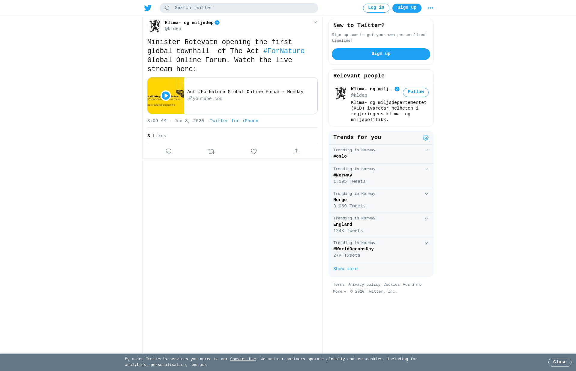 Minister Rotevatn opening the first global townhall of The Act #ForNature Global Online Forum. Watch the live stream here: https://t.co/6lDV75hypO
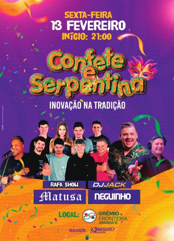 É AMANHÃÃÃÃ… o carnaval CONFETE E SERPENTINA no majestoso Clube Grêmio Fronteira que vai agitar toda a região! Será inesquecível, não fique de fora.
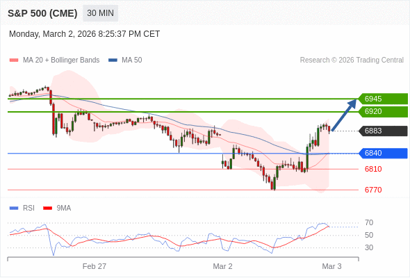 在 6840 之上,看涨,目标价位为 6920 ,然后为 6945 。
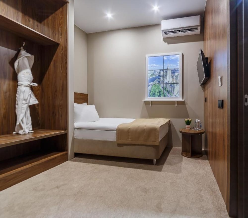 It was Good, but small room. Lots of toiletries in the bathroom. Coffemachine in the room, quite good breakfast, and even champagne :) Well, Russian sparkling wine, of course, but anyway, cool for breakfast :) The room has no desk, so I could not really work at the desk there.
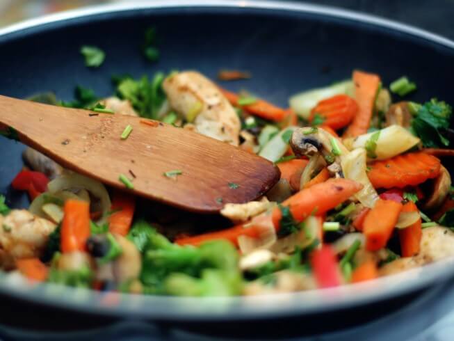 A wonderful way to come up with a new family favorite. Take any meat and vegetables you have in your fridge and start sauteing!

==

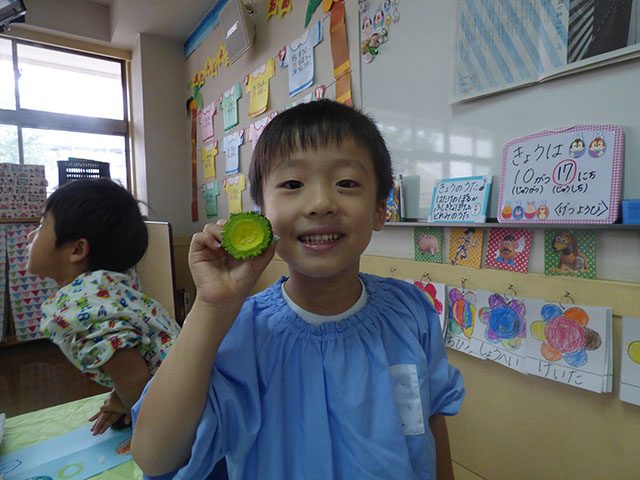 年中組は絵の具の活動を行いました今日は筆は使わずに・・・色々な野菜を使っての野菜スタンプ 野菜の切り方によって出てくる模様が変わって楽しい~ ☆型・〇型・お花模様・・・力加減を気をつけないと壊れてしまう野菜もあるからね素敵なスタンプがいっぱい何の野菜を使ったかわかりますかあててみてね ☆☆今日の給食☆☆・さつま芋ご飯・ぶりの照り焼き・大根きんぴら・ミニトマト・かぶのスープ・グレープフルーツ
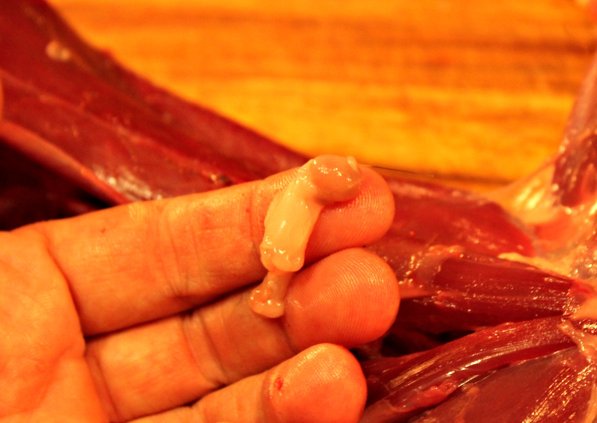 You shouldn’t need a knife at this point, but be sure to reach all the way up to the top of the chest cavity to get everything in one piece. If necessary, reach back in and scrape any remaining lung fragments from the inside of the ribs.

--

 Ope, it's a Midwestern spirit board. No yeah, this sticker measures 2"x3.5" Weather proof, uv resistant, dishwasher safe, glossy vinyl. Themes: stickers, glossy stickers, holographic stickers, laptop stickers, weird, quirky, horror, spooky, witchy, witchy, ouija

## Activity
Above are the records; copy exactly the lines from the one with "Minister Rotevatn opening" through the one with "A wonderful way", including both, and nothing more. Leave out pictures.

## Completed task
 Minister Rotevatn opening the first global townhall of The Act #ForNature Global Online Forum. Watch the live stream here: https://t.co/6lDV75hypO
 É AMANHÃÃÃÃ… o carnaval CONFETE E SERPENTINA no majestoso Clube Grêmio Fronteira que vai agitar toda a região! Será inesquecível, não fique de fora.
 在 6840 之上,看涨,目标价位为 6920 ,然后为 6945 。
 It was Good, but small room. Lots of toiletries in the bathroom. Coffemachine in the room, quite good breakfast, and even champagne :) Well, Russian sparkling wine, of course, but anyway, cool for breakfast :) The room has no desk, so I could not really work at the desk there.
 A wonderful way to come up with a new family favorite. Take any meat and vegetables you have in your fridge and start sauteing!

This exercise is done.